Giovanni Pico della Mirandola

Giovanni Pico ( Conte) della Mirandola (* February 24, 1463 in Mirandola in today's Emilia-Romagna region, † November 17, 1494 in Florence ) was an Italian philosopher of the Renaissance. He is best known today. Especially by his speech about the dignity of man, in which he raises the question of the nature of man and his position in the world and the free will emphasize as a characteristic feature of the human With its exceptional form and his eloquence impressed his contemporaries Pico strong.

Life

Giovanni was a son of Count Gianfrancesco Pico della Mirandola. After his father's death ( 1467 ) he was raised by his mother and prepared for a clerical career. At the age of 14, he was concerned with philosophy and classical languages ​​. In 1477 he began studying law ( canon law ) in Bologna, but he broke off. After his mother ( 1478) 's death in 1479, he moved to Ferrara, where he turned to the studia humanitatis, and 1480 to Padua to study philosophy. Padua was the center of the Italian Averroism with which Pico now dealt. 1483 he moved to Florence and worked there in the circle of Lorenzo I de ' Medici, among other things, the Marsilio Ficino and Angelo Poliziano belonged. With Ficino since he formed a lifelong close friendship that was not clouded by later philosophical disagreements. In this context, Pico known explicitly to the ideal of friendship of the Pythagoreans. From July 1485 to March 1486 he stayed in Paris, where he decided pleaded for Averroism, but soon returned to Italy. He learned Arabic, Hebrew and Aramaic.

In 1486 he began to study Kabbalah and instructed the Jewish converts Raimundo Moncada ( Flavius ​​Mithridates ), Kabbalistic literature translated into Latin. He was the first Christian scholar who, without being a Jewish, intensely focused on the Kabbalah. At the same time, he was preparing a trip to Rome, where he wanted to publicly defend against all interested scholars in the world 900 philosophical and theological theses which he had written. To this end, he decided to invite them to a major European Congress, which was to take place in the presence of the Pope and the College of Cardinals; the travel expenses of the participating scholars he wanted to wear themselves. His goal was to show a fundamental correspondence of all philosophical and religious teachings that were ultimately included in all Christianity, and thus contribute to global understanding and peace.
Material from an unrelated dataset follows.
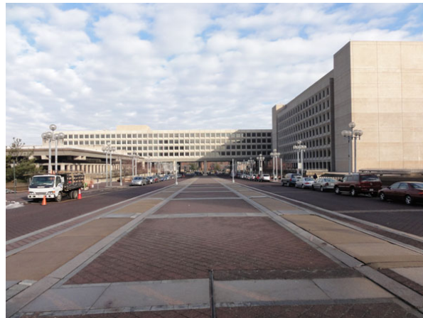
Figure 2: Existing Conditions at Maryland Avenue

On the way to Rome, he fell in love with a married woman he kidnapped at her request. The husband could follow and locate the fugitives; the woman was returned, Pico suffered an injury and had to hide for months. Lorenzo de ' Medici protected him from arrest. After this delay, he arrived in Rome only in November 1486. There he published the theses on 7 December 1486th, however, planned for January 1487 public disputation did not take place, because Pope Innocent VIII appointed a sixteen -member commission that would consider the orthodoxy represented in the theses views. Pico was not prepared to appear before the Commission. After intense debate, the Commission came to the conclusion, thirteen of the theses were heretical and should be condemned. This had initially no action against Pico result. When he was a vindication, the Apologia, defended himself, without waiting for a statement of the Pope, he was resented at the Curia this. In a bull with the date of August 4, 1487 the Pope condemned the theses in total and ordered the burning of all copies, but he hesitated, the publication of the bull. But when he learned that the Pico Apologia had printed, he summed up their distribution on an open rebellion, which he never forgave Pico. In this threatening situation Pico traveled from Rome in November from what was interpreted by his critics as an escape, for he was now under suspicion of heresy. Since the Pope demanded his arrest, he was arrested on his way to Paris in the near Lyon. However, he gained the favor of King Charles VIII, who made ​​him free and protected. Therefore, he could return to freedom in 1488 to Florence, where he was under the protection of Lorenzo. There and in Fiesole and Corbole near Ferrara, he spent the rest of his life with philosophical and religious studies. This religious themes came more and more into the foreground. In the last phase of his life he confessed to the views of the radical preacher Girolamo Savonarola, in the Dominican convent of San Marco, he was then buried 1494. On June 18, 1493, Pope Alexander VI. all imposed by his predecessor Innocent VIII against Pico measures undone. Pico died of a fever; the unexpected death of the promising scholars caused great consternation, and it soon spread the rumor that he was poisoned by his secretary.

Works and teaching

The late lamented Pico has left no extensive body of work. From his writings he has published only three: the 900 theses ( Conclusiones nongentae ), incorporating the Apology and the 1489 Heptaplus authored, an allegorical interpretation of the beginning of the biblical book of Genesis, in which he draws on the medieval exegetical tradition and cabalistic ideas. Two years after his death, his nephew Gianfrancesco Pico della Mirandola published a part of the posthumous writings, but it was the total expenditure of Basel ( 1557, 1572-73 and 1601) contained the whole known today stock ( some works are lost ).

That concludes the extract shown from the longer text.